Assignment: Quote the entries below from the line with "郭博士的讲座内容属于国家杂交" through the line with "Charming 3 Bd", both ends included, and only those lines.

Listed records:
=== Begin Enclosure ===
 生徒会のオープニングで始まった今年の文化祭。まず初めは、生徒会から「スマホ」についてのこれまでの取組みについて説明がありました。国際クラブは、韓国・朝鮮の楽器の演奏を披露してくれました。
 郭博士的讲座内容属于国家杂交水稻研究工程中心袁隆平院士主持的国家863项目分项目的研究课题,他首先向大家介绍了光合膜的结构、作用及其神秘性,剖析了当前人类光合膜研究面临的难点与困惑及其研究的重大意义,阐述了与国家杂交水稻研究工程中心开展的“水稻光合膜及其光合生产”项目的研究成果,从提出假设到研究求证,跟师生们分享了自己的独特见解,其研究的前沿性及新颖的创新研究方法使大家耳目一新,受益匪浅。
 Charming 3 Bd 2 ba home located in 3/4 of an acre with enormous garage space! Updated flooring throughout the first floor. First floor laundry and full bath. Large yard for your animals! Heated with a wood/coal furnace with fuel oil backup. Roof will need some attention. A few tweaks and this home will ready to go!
=== End Enclosure ===
=== Begin Enclosure ===
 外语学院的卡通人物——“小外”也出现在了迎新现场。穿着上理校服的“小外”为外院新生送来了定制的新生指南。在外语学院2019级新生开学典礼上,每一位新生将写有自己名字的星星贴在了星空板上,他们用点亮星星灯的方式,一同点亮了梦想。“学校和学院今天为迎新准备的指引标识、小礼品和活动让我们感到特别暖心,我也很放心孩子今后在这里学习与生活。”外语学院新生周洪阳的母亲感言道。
=== End Enclosure ===
=== Begin Enclosure ===
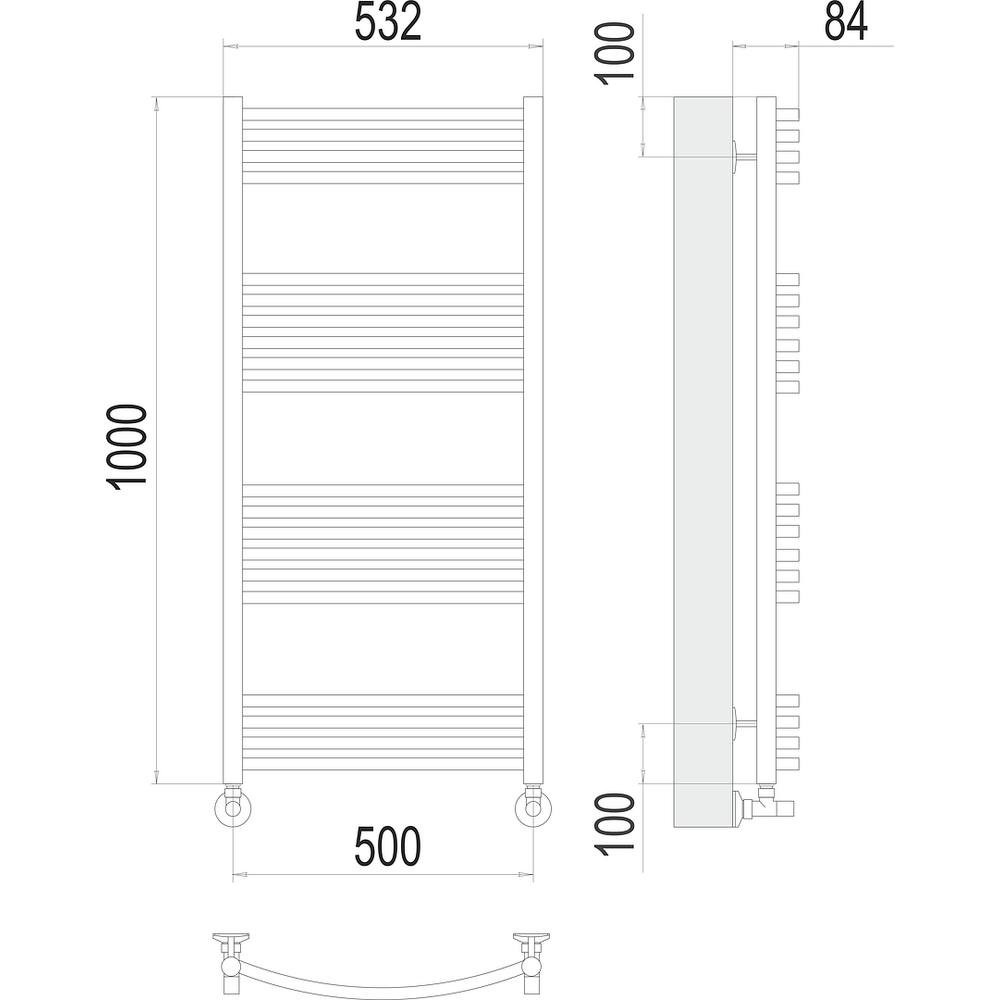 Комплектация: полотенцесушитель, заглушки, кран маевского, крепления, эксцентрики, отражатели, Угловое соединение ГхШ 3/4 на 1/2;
=== End Enclosure ===
Exercise answer:
 郭博士的讲座内容属于国家杂交水稻研究工程中心袁隆平院士主持的国家863项目分项目的研究课题,他首先向大家介绍了光合膜的结构、作用及其神秘性,剖析了当前人类光合膜研究面临的难点与困惑及其研究的重大意义,阐述了与国家杂交水稻研究工程中心开展的“水稻光合膜及其光合生产”项目的研究成果,从提出假设到研究求证,跟师生们分享了自己的独特见解,其研究的前沿性及新颖的创新研究方法使大家耳目一新,受益匪浅。
 Charming 3 Bd 2 ba home located in 3/4 of an acre with enormous garage space! Updated flooring throughout the first floor. First floor laundry and full bath. Large yard for your animals! Heated with a wood/coal furnace with fuel oil backup. Roof will need some attention. A few tweaks and this home will ready to go!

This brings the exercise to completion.